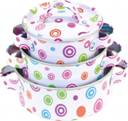 Questo set di pentole smaltate di qualità per bambini è ideale per giocare al cuoco e alla piccola padrona di casa. Pentole, padella e utensili in metallo hanno un aspetto autentico, così i bambini potranno divertirsi con una cucina e un servizio realistici. I pois colorati su fondo bianco donano all'intero set un aspetto allegro che ravviva ogni angolo per bambini.
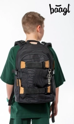BAAGL Skate Darkness ist ein durchdachter Schulrucksack für den täglichen Weg zur Schule, für Freizeitaktivitäten und Stadtausflüge. Dank drei separaten Fächern mit Innen-Organizer und einem gepolsterten Fach verstauen Sie Bücher, Hefte und ein 15"-Notebook oder Tablet sicher. Seitliche stabile Taschen sind ideal für Trinkflaschen, die vorderen Riemen halten problemlos ein Skateboard.
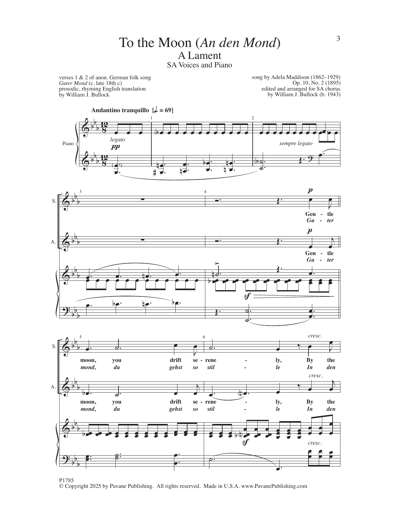 Download or print William J. Bullock To The Moon (A den Mond) sheet music, chords and digital score arranged for Choir. This Concert score includes 9 page(s).
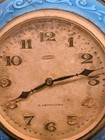 Lecoultre 8 Day Swiss Desk Clock C1910–1925 Blue Enamel Bezel Brass Easel
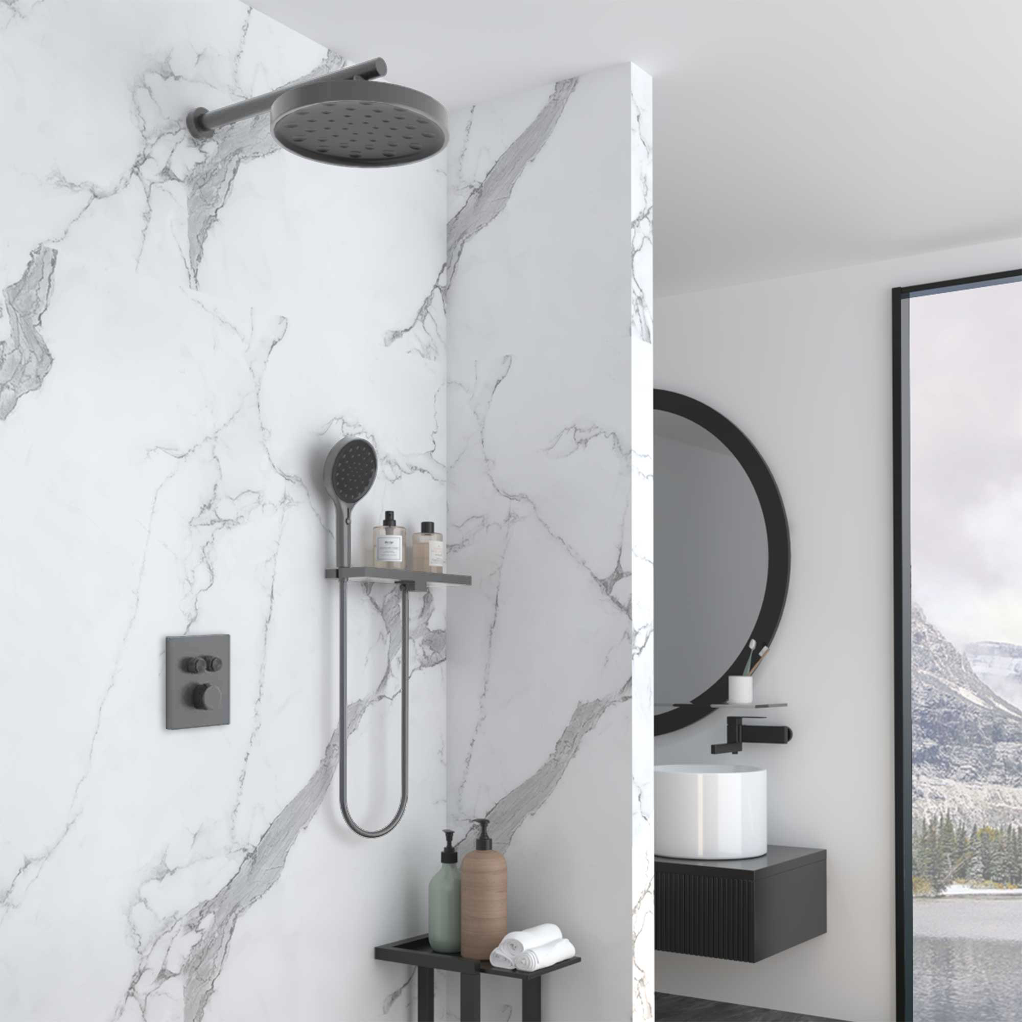 Душевой комплект Vincea Inspire VSFW-3I21MT2RGM встраиваемый, термостат, двухрежимный, вороненая сталь

Aim of the exercise: Word-for-word transcription: the whole listing, with images excluded.

Solution:
 Questo set di pentole smaltate di qualità per bambini è ideale per giocare al cuoco e alla piccola padrona di casa. Pentole, padella e utensili in metallo hanno un aspetto autentico, così i bambini potranno divertirsi con una cucina e un servizio realistici. I pois colorati su fondo bianco donano all'intero set un aspetto allegro che ravviva ogni angolo per bambini.
BAAGL Skate Darkness ist ein durchdachter Schulrucksack für den täglichen Weg zur Schule, für Freizeitaktivitäten und Stadtausflüge. Dank drei separaten Fächern mit Innen-Organizer und einem gepolsterten Fach verstauen Sie Bücher, Hefte und ein 15"-Notebook oder Tablet sicher. Seitliche stabile Taschen sind ideal für Trinkflaschen, die vorderen Riemen halten problemlos ein Skateboard.
 Download or print William J. Bullock To The Moon (A den Mond) sheet music, chords and digital score arranged for Choir. This Concert score includes 9 page(s).
 Lecoultre 8 Day Swiss Desk Clock C1910–1925 Blue Enamel Bezel Brass Easel
 Душевой комплект Vincea Inspire VSFW-3I21MT2RGM встраиваемый, термостат, двухрежимный, вороненая сталь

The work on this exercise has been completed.